Spartan College of Aeronautics and Technology Orders 20 Sun Flyers

JAN 21 2015 BY MARK KANE 4

AEAC Next Generation Solar Electric Training Aircraft

AEAC Next Generation Solar Electric Training Aircraft

Aero Electric Aircraft Corp. (AEAC), which since last summer has been testing its single-seat electric aircraft in the air, announced that it began the assembly process of its first 2-seat prototype Sun Flyer.
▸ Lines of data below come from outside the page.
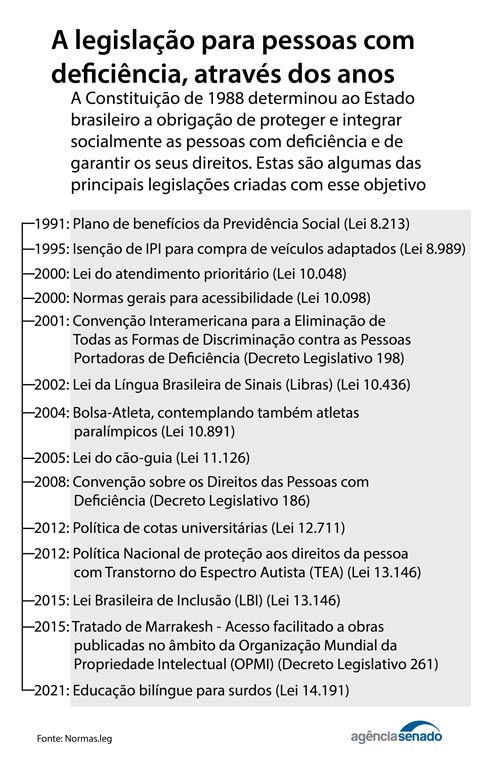 São muitas as leis que tratam especificamente de acessibilidade e inclusão no Brasil. A primeira e mais antiga delas data de 1962, quando a Lei 4.169 oficializou as convenções Braille para uso na escrita e na leitura dos cegos. Desde então o país avançou, em termos de legislação, na defesa dos direitos das pessoas com deficiência. Após a promulgação da Constituição Federal de 1988, por exemplo, já são mais de duas dezenas de textos – entre leis e decretos – que versam sobre o tema.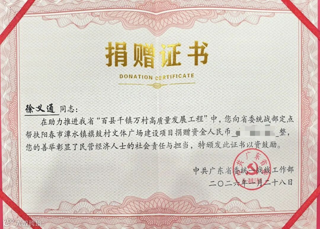 为响应省委统战部号召,“零一守护者公益”帮扶阳春市潭水镇旗鼓村文体广场建设项目捐资,为定点帮扶的阳春市潭水镇旗鼓村文体广场建设倾情助力。这份善举,既彰显了民营企业家与国家战略同频共振的责任担当,也为社会力量参与乡村振兴树立了典范。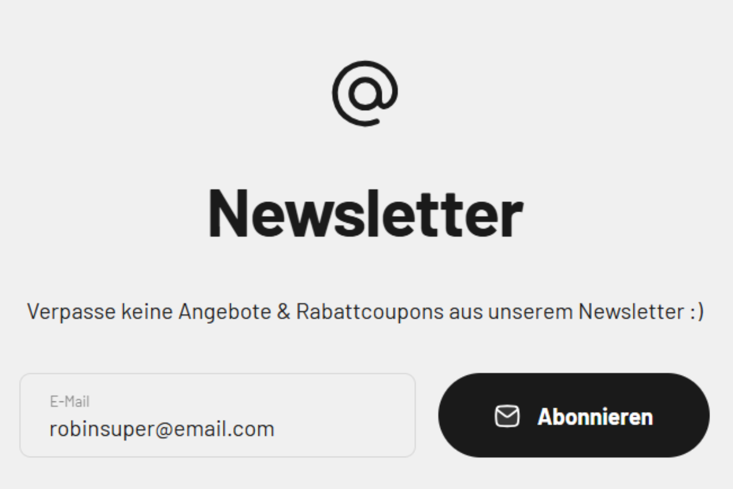 Beim Betreten unserer Webseite erscheint ein Newsletter-Formular. Wenn du diesen abonnierst erhältst du nach der Bestätigung deinen gewählten Rabatt per E-Mail.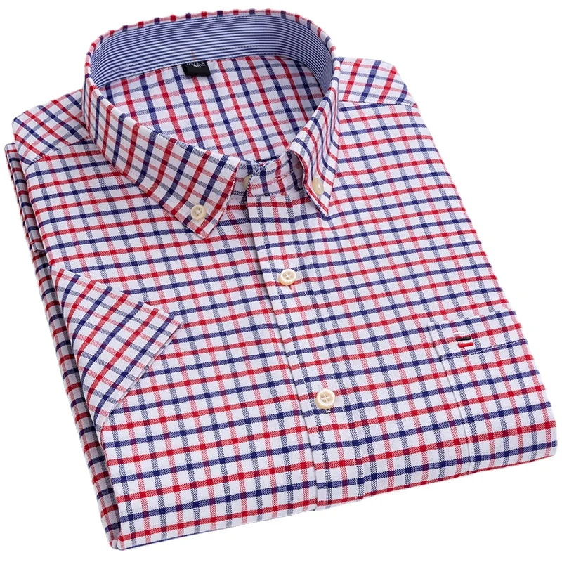 Men’s Oxford Short Sleeve Summer Casual Shirts Single Pocket Comfortable Standard-fit Button-down Plaid Striped Cotton Shirt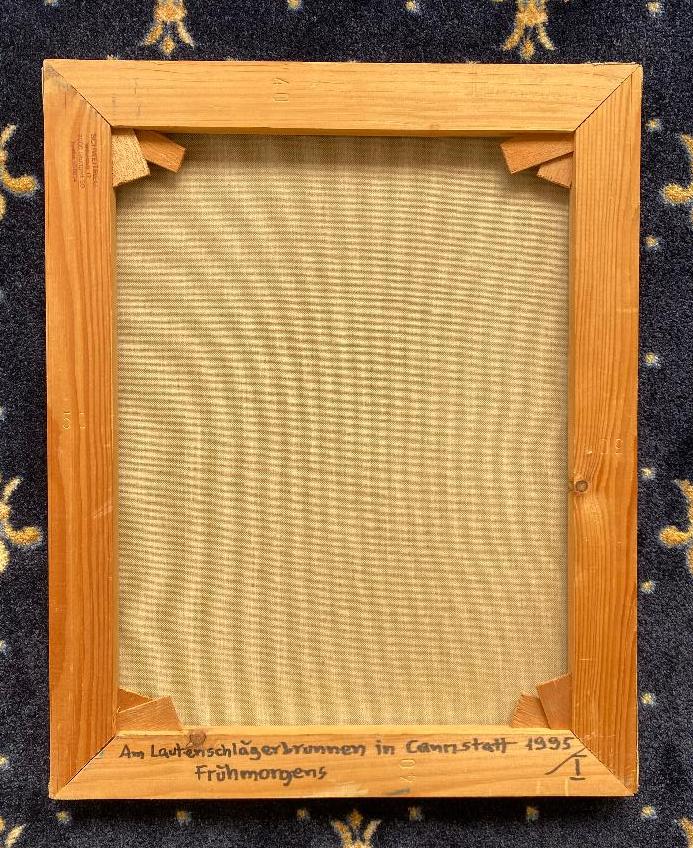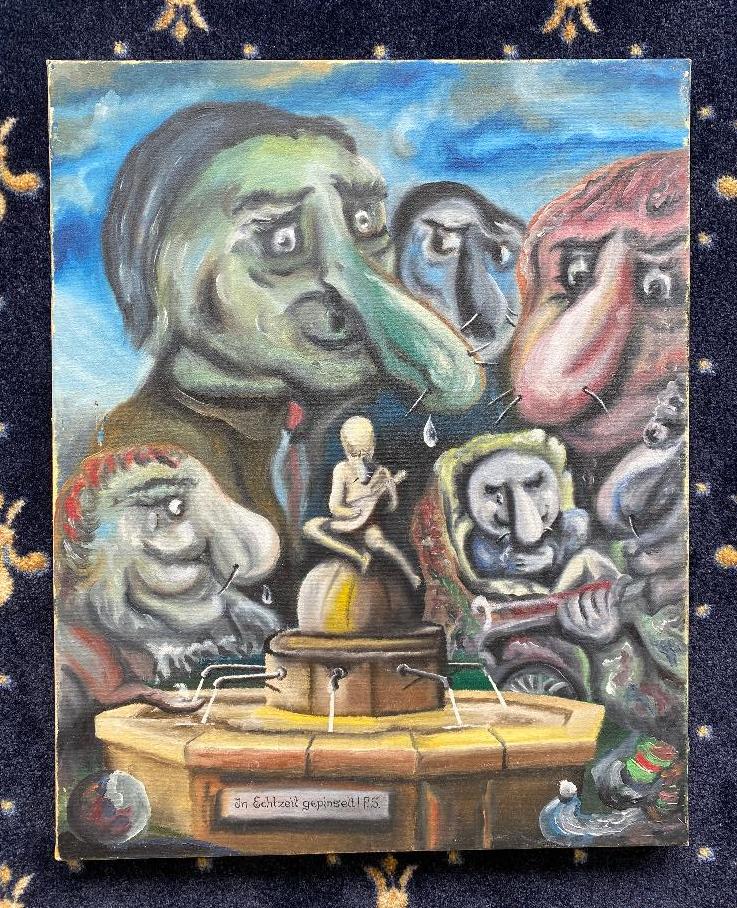 Schweitrieg, Peter ‚Am Lautenschlägerbrunnen in Cannstatt – Frühmorgens : in Echtzeit gepinselt‘ : detailreiche Szene von Naslingen beim Ausflug : farbenfrohes Acryl auf Leinwand, rückseitig bezeichnet und datiert : 1995. Bildgröße 50 x 40 cm, ungerahmt, aus dem Nachlaß von Peter Schweitrieg – Comic- und Satirekünstler – der illustrierte Bücher entwarf, die leider nie einen Verlag fanden.–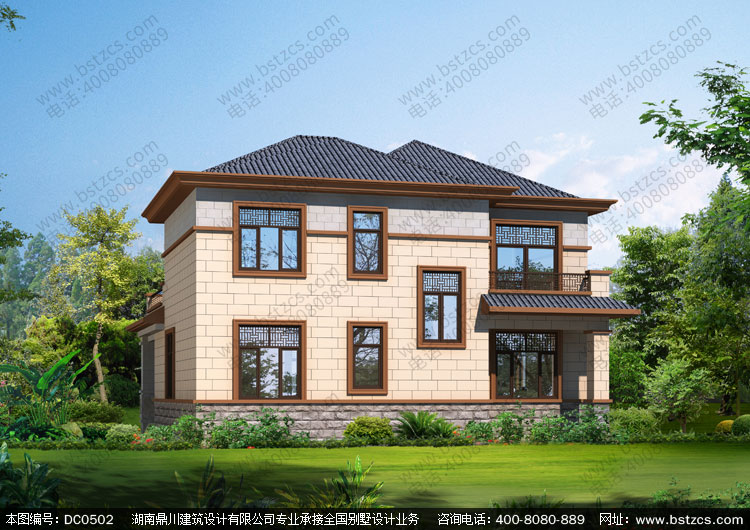 農村新中式二層帶露臺小別墅設計圖紙_農村兩層自建房設計,鼎川建筑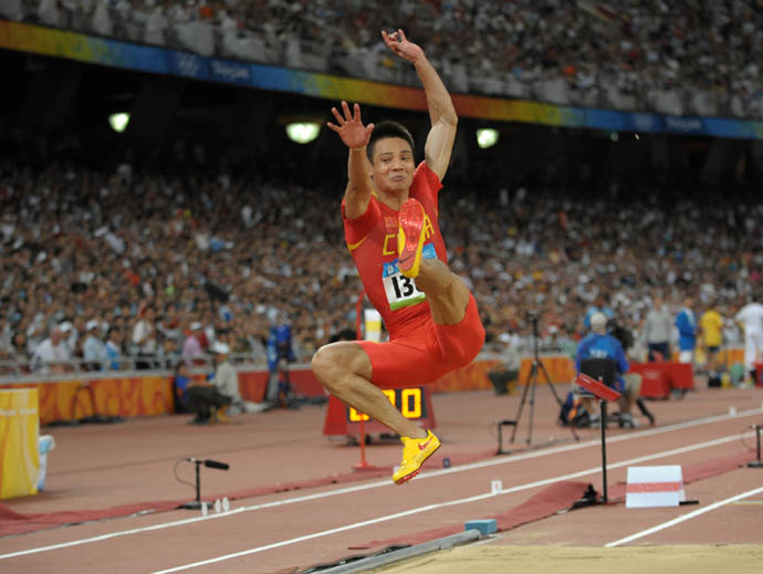 8月16日,中國選手李潤潤在男子跳遠(yuǎn)及格賽中。當(dāng)日,北京奧運會田徑比賽在國家體育場“鳥巢”繼續(xù)進(jìn)行。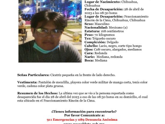 El jóven de 19 años desapareció el pasado 28 de abril en la ciudad de Chihuahua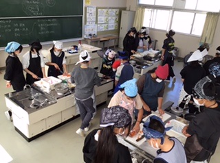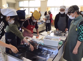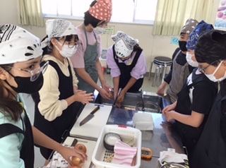 班で考えた、野菜を使った副菜を作ります。スクランブルエッグや野菜炒め、エノキのベーコン巻きなどメニューはいろいろ。時間内に完成できるように、役割分担をして取り組んでいます。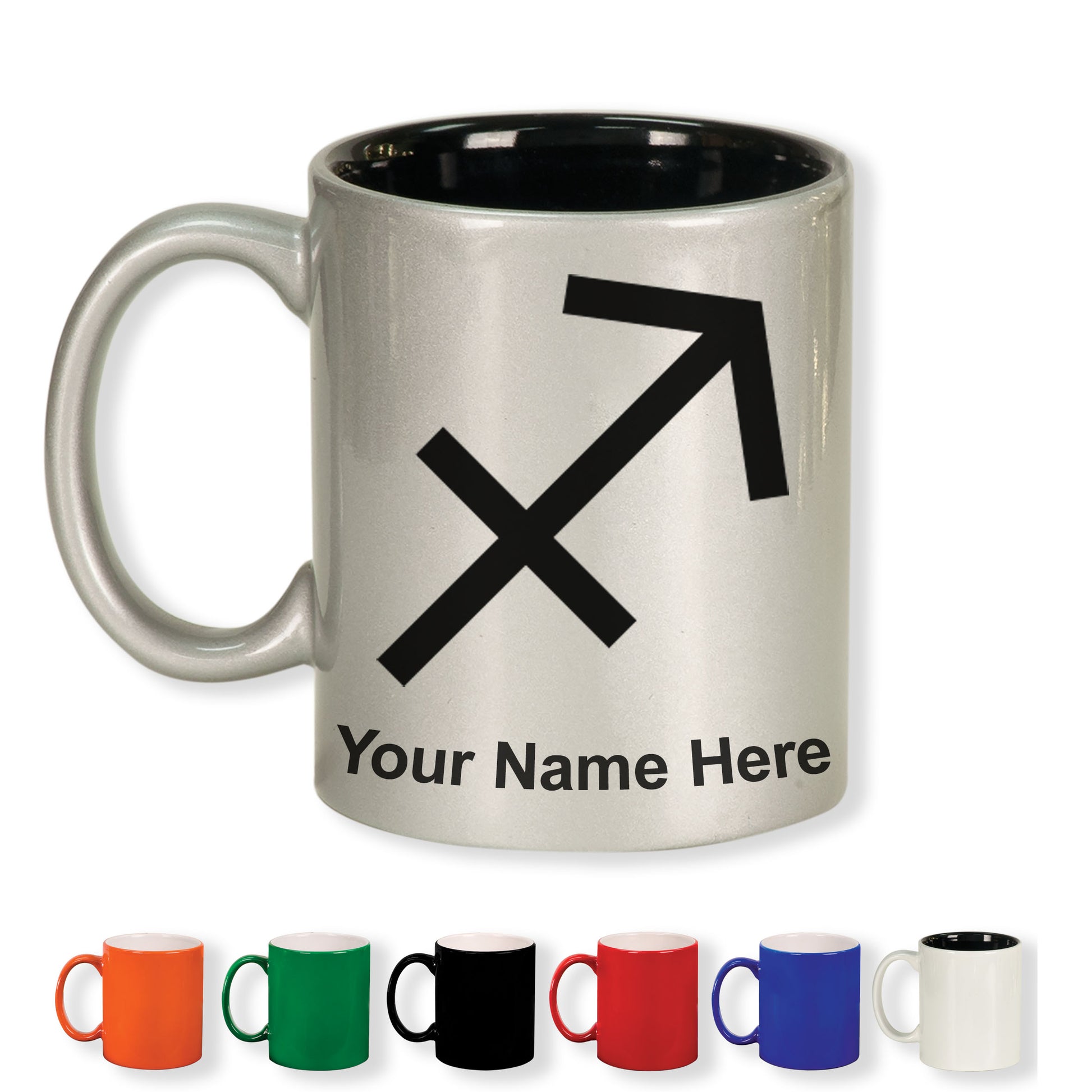 11oz Round Ceramic Coffee Mug, Zodiac Sign Sagittarius, Personalized Engraving Included
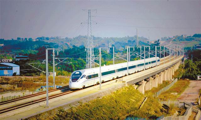 重庆璧山区丁家镇,高铁列车高速奔驰。 记者 万难 摄
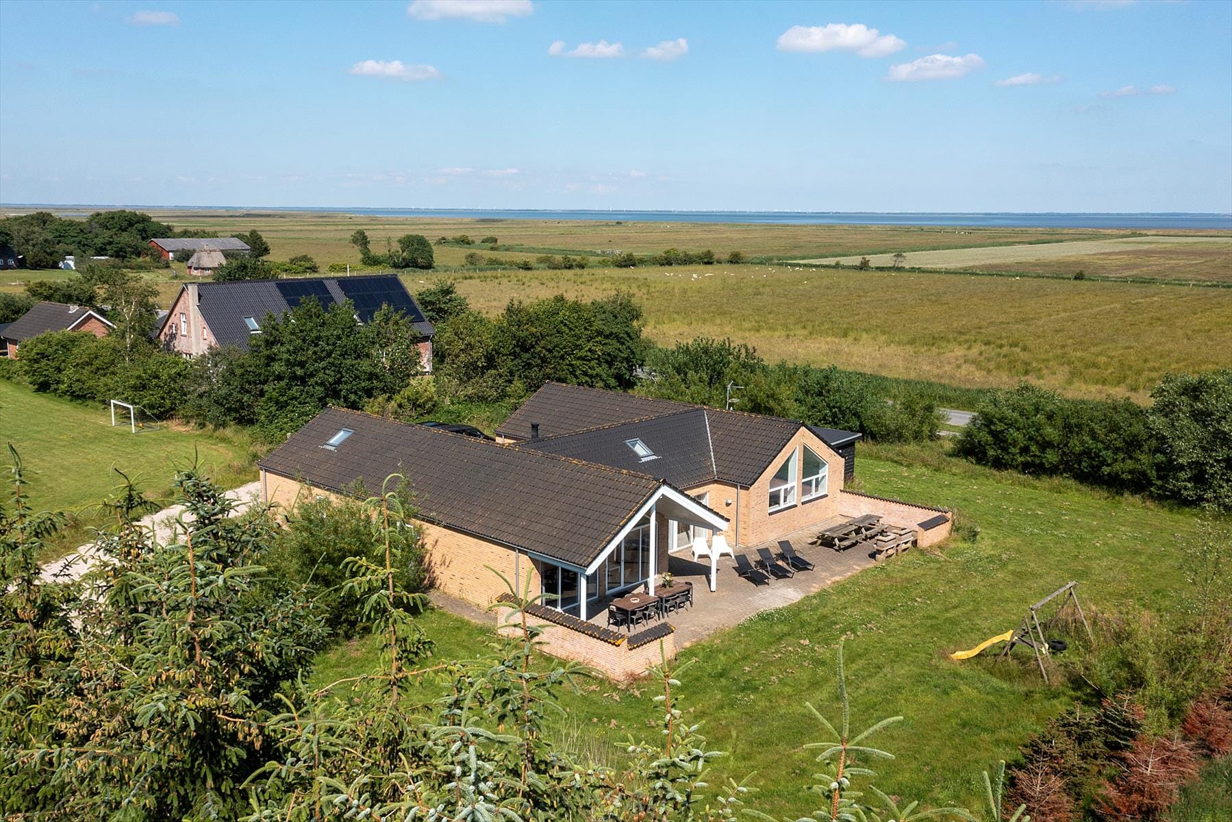 Bostaden är 240 kvm stor med en tomt på 2 782 kvm, där det bl.a. finns gungor och sandlåda.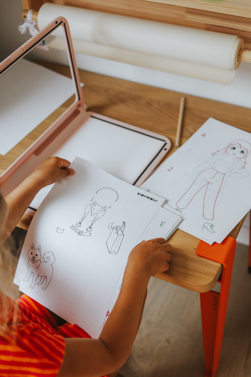 Z KidyDraw-Pro Fashion dzieci stają się prawdziwymi początkującymi projektantami mody. Dzięki pomysłowemu systemowi szablonów mogą łączyć sylwetki, stroje, akcesoria i wzory bez końca – ponad 1000 możliwych kombinacji, zupełnie jak w prawdziwym studiu mody. KidyDraw-Pro oferuje możliwość korzystania z gotowych szablonów, a także tworzenia własnych ilustracji. Dowolne inspiracje wystarczy umieścić na ekranie tabletu, podświetlić i przerysować. Zabawka wspiera rozwój koordynacji wzrokowo-ruchowej, koncentracji i pewności siebie dziecka, a jednocześnie ogranicza czas spędzany przed ekranem w sposób konstruktywny.

The first 20 units were reserved by the Spartan College of Aeronautics and Technology under a Training Program Development and Deposit Agreement.

Peter Harris, CEO of Spartan College, commented:

“This agreement signifies our commitment to innovation and to serving the next generation of pilots. Spartan College is honored to be the first training school to formalize our collaboration on a complete training system that will make flight training more modern, accessible and economical than ever before.”

George Bye, CEO of AEAC, stated:

“Our goal with Sun Flyer is to achieve lower operating costs and enhanced safety features for a training airplane by focusing on the benefits of solar-electric propulsion and durable composite construction. Spartan College is to be commended for their innovative spirit and forward-thinking strategy.”

Categories: General

Tags: , ,

Leave a Reply

4 Comments on "Spartan College of Aeronautics and Technology Orders 20 Sun Flyers"

newest oldest most voted

So Cool

This is the same “Elektra One” the InsideEVs covered a couple years ago. Only development is a company is looking to sell a rebranded model in the US market.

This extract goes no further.